• [Available data]:
# # # #

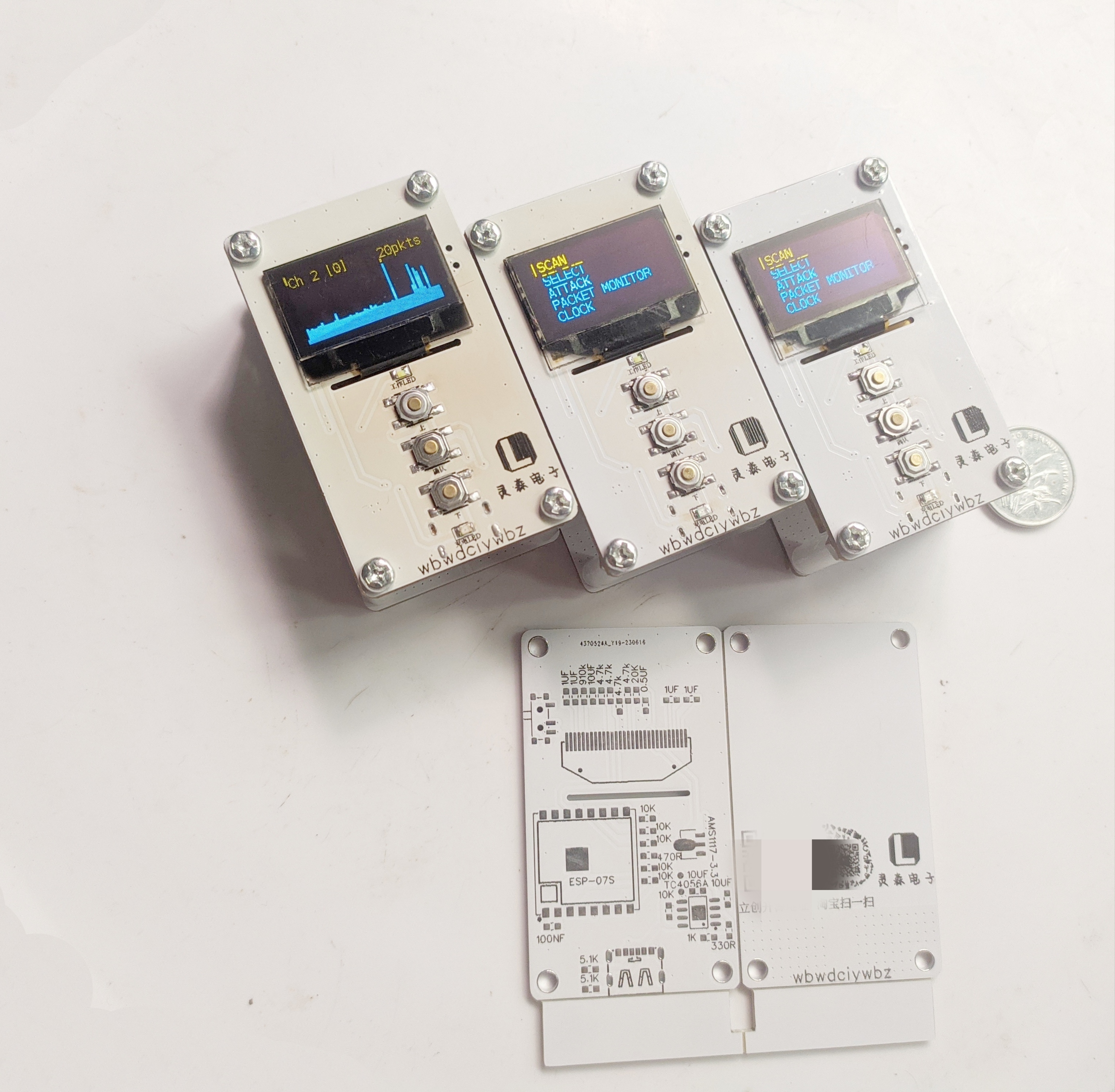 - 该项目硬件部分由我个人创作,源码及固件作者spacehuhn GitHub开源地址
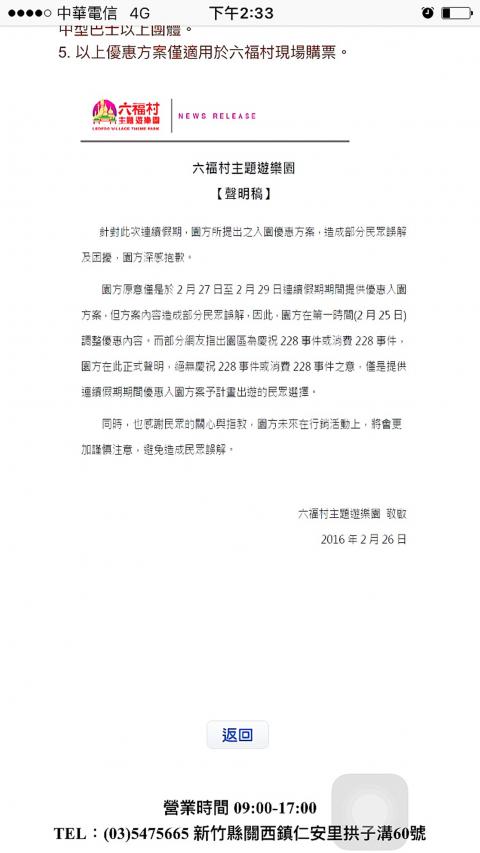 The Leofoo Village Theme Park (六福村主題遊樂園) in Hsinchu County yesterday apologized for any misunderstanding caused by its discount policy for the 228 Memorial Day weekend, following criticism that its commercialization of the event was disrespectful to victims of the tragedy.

# # # #

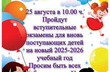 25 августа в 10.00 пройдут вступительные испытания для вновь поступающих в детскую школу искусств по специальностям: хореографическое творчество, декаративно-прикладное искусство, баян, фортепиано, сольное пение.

# # # #

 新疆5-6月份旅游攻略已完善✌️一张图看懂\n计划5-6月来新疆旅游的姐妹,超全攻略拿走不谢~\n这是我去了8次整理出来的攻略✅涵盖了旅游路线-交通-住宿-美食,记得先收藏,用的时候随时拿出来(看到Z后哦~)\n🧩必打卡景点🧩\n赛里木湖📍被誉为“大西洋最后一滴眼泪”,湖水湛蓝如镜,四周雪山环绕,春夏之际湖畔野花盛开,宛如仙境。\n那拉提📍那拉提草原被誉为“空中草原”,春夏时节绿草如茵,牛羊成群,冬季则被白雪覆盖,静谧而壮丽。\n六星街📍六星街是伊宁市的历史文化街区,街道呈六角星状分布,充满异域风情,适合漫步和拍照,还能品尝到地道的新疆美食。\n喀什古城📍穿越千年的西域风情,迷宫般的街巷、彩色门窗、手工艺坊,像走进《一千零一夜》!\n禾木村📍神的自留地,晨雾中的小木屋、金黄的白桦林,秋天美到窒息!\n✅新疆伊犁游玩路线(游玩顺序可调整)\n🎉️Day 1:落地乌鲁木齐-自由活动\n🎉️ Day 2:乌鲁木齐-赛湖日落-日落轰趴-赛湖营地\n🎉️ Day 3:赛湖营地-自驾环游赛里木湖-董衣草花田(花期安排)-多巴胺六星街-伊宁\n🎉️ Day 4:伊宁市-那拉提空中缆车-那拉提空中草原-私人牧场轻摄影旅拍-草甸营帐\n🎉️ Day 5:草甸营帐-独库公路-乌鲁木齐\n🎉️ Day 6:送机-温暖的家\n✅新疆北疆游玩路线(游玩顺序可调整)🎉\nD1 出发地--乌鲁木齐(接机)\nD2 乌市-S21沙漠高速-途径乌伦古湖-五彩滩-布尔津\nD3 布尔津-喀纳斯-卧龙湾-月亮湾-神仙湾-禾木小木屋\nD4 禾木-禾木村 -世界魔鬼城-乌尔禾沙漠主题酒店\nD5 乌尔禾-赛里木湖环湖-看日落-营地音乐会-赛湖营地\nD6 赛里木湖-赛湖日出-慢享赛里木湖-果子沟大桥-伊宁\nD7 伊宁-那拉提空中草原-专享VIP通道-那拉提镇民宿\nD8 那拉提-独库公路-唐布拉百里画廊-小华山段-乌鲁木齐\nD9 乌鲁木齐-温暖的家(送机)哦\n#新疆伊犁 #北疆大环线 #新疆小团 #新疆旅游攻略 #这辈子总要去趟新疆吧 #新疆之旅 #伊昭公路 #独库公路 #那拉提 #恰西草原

# # # #

The data above holds the lines to copy: start at the one with "- 该项目硬件部分由我个人创作,源码及固件作者spacehuhn GitHub开源地址", stop at the one with "The Leofoo Village", include both, copy them exactly without pictures, and copy nothing else.

 - 该项目硬件部分由我个人创作,源码及固件作者spacehuhn GitHub开源地址
 The Leofoo Village Theme Park (六福村主題遊樂園) in Hsinchu County yesterday apologized for any misunderstanding caused by its discount policy for the 228 Memorial Day weekend, following criticism that its commercialization of the event was disrespectful to victims of the tragedy.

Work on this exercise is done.